In order to see who had sent the most messages, I then used value_counts
on the from column and plotted it out too.
messages_sent = temp['from'].value_counts()
messages_sent = messages_sent.reset_index().rename(columns={"index":"User", "from":"Count"})
fig2 = px.bar(messages_sent, x='User', y='Count')
fig2.show()
Who responds to who?
This was an interesting one. I wanted to gauge interactions and see who replied the most after whom. I hence created a simple loop to create a list, recording which person tended to reply after which other person. From the looks of it, I guess person A had a lot of fun replying after himself.

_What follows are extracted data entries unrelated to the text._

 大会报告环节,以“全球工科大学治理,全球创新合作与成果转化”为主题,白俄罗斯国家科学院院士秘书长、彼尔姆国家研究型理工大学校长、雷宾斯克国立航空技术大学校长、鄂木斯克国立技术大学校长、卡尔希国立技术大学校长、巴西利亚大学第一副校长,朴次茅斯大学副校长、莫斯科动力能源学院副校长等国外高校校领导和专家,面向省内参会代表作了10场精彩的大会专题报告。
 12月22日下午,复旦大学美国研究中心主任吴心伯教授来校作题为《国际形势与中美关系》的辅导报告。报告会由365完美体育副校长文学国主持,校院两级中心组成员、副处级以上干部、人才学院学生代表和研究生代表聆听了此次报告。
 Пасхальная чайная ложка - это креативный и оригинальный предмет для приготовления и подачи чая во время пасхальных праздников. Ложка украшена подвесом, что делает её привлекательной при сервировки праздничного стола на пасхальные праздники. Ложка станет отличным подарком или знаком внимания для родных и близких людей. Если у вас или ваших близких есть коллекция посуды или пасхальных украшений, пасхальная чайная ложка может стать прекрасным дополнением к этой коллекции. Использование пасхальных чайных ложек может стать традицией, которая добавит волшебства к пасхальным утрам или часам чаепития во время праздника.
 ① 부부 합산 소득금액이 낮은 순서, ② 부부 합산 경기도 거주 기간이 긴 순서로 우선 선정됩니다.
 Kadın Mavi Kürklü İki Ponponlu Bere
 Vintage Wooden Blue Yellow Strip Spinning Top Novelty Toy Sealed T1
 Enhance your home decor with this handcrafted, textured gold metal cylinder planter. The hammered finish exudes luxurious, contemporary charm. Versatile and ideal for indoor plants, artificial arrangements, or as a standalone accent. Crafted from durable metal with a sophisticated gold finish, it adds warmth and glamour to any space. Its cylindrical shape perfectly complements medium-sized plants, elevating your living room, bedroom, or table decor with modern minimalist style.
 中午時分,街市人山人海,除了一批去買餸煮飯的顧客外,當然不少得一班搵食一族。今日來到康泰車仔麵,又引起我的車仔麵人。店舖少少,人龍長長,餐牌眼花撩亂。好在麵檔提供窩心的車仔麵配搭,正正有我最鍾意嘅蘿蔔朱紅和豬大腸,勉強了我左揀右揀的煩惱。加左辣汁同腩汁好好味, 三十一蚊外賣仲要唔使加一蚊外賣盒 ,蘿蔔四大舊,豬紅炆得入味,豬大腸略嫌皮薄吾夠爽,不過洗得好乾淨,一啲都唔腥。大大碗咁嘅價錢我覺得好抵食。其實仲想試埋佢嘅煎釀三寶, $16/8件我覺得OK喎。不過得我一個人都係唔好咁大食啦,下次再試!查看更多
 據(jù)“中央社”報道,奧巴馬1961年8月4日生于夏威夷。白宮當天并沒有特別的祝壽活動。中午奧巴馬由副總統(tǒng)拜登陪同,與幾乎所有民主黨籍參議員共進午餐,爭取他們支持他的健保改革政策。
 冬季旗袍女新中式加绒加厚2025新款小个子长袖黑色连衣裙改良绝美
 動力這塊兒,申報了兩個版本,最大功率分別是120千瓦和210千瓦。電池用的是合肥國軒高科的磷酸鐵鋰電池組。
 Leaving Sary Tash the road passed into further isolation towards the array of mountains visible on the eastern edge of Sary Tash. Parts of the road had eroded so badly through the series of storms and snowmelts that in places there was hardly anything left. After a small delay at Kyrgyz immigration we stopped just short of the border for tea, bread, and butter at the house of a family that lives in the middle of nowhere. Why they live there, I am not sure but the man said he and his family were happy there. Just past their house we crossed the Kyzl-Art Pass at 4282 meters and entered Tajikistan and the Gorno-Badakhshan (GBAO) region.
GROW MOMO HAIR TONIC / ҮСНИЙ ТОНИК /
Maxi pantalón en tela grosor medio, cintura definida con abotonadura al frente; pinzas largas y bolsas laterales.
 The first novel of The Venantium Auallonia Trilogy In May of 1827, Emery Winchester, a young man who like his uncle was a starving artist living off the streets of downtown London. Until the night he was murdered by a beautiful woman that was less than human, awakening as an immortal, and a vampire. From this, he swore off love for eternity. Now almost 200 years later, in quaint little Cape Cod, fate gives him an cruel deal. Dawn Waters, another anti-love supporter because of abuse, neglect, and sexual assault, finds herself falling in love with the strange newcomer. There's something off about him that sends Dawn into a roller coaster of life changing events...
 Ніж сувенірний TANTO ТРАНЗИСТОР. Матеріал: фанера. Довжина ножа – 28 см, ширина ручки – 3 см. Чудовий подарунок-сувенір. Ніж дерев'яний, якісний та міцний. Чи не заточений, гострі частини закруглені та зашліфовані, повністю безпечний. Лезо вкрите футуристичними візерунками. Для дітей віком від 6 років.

replies = [temp.iloc[n,2] + " to " + temp.iloc[(n-1),2] for n in range(1,len(temp))] #list constructor to create replying list
replies.insert(0,"A to A") #insert an initial convo to make list same length as df
temp['Replies'] = replies #added list to df
replies_to = temp['Replies'].value_counts() #count
replies_to = replies_to.reset_index().rename(columns={"index":"Replies", "Replies":"Count"}) #reset index and rename
fig3 = px.bar(replies_to, x='Replies', y='Count')
fig3.show()
Custom words
Finally, I wanted to a list of custom words that allowed me to see how many times the word had been used. I created a list of these words and then counted the number of times they appeared in the pd.Series
from our text data.
list_words = ["fun", "love","joy","anger","hate","upset"] #create list of custom words
int_word_count = [sum(pd.Series(' '.join(temp['text']).lower().split())==i) for i in list_words] #count number of times they appeared
#create df to store
int_words = pd.DataFrame(
{"Word" : list_words,
"Count" : int_word_count}
)
#plot df
px.bar(int_words, x="Word",y="Count",color_discrete_sequence=px.colors.qualitative.G10)
I guess we all love each other a lot and have plenty of fun.
Conclusion
So there you have it! A fun little exploration of words and phrases in a group chat. Thanks for reading and hope you found it interesting!